Todo exercício de exposição escrita que faremos a partir de agora deve começar, obrigatoriamente, com o seguinte cabeçalho redigido por você:
“Os pensamentos a seguir não representam meus desejos, vontades, nem refletem meu presente, passado ou futuro. São apenas pensamentos intrusivos relacionados ao TOC.”
Essa frase não é um ritual de neutralização; é uma declaração de desassociação. Ela cria o espaço terapêutico necessário para que você consiga escrever o absurdo sem que o seu cérebro interprete aquilo como uma confissão.
O Exercício Prático: Conduzindo a Exposição
A essência deste exercício reside na precisão cirúrgica. Você deve escrever o pensamento obsessivo exato que assombra a sua mente, sem censura e sem eufemismos.
Exemplo Prático (Excesso de Responsabilidade): Pensamento: “Eu não usei determinado objeto da maneira ‘correta’, e por isso meus pais irão morrer em um acidente grave de carro.”
Como executar:
- Escreva o seu “Script de Segurança” no topo da página.
- Identifique e anote o seu pensamento obsessivo específico.
- Repita a escrita desse mesmo pensamento por 10 vezes consecutivas.
- Faça uma breve pausa, respire, e avalie o seu nível de incômodo (de 0 a 10).
- Continue o processo prestando atenção a duas regras fundamentais:
- Duração: Persista na repetição até que o incômodo inicial reduza-se para um nível suportável (por exemplo, cair de um nível 10 para um 4).
- Tempo: Independentemente da velocidade da queda da ansiedade, mantenha-se escrevendo por, no mínimo, 20 minutos ininterruptos.
O Fim da Tempestade
As primeiras linhas serão incômodas. A ansiedade vai tentar convencê-lo a largar a caneta e fugir. Não fuja. Continue escrevendo.
O que acontece após esses 20 minutos é o que chamo de a queda da engrenagem. No consultório, a transformação física é nítida. O paciente que começou o exercício quase sem ar, geralmente termina com um semblante profundamente aliviado. Alguns esboçam um sorriso contido ao perceberem que não foi tão terrível quanto a mente tentou projetar. Outros ainda ficam um pouco aflitos, afinal, é a primeira vez na vida que não fogem do monstro.

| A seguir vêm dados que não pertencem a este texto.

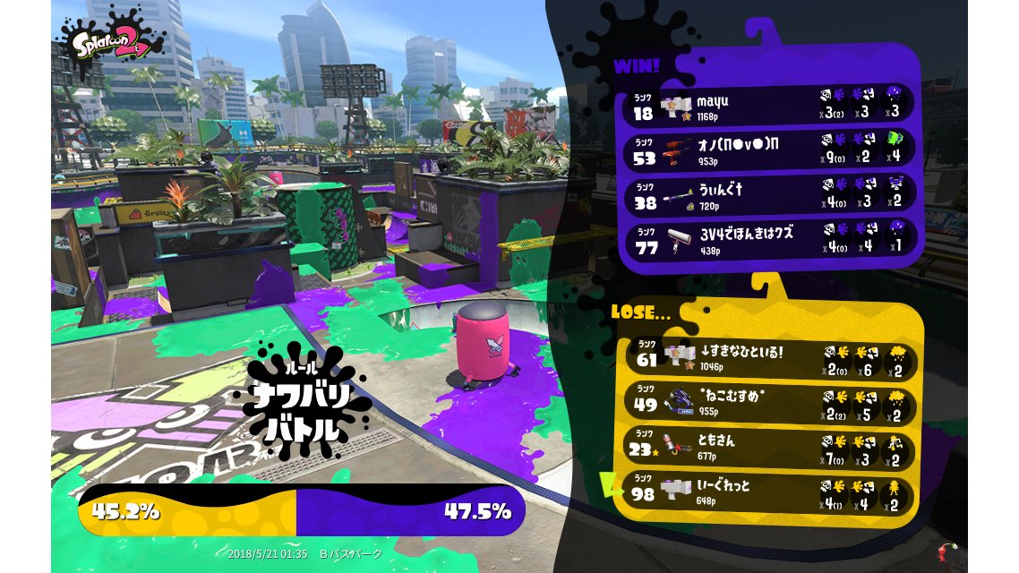 | Mode | Turf War - Regular Battle | |||||||||||||||||||||||||||||||||||||

Mas a constatação final é sempre a mesma: o pensamento perde a força. Ele deixa de ser um ditador implacável e se revela pelo que realmente é: apenas um pensamento. Um sintoma. E, contra sintomas, nós temos tratamento.
(Nota: Este exercício é poderoso e deve idealmente ser realizado sob a supervisão de um psicólogo especialista. Recomendo evitar a prática destes exercícios sozinho durante períodos de crise aguda).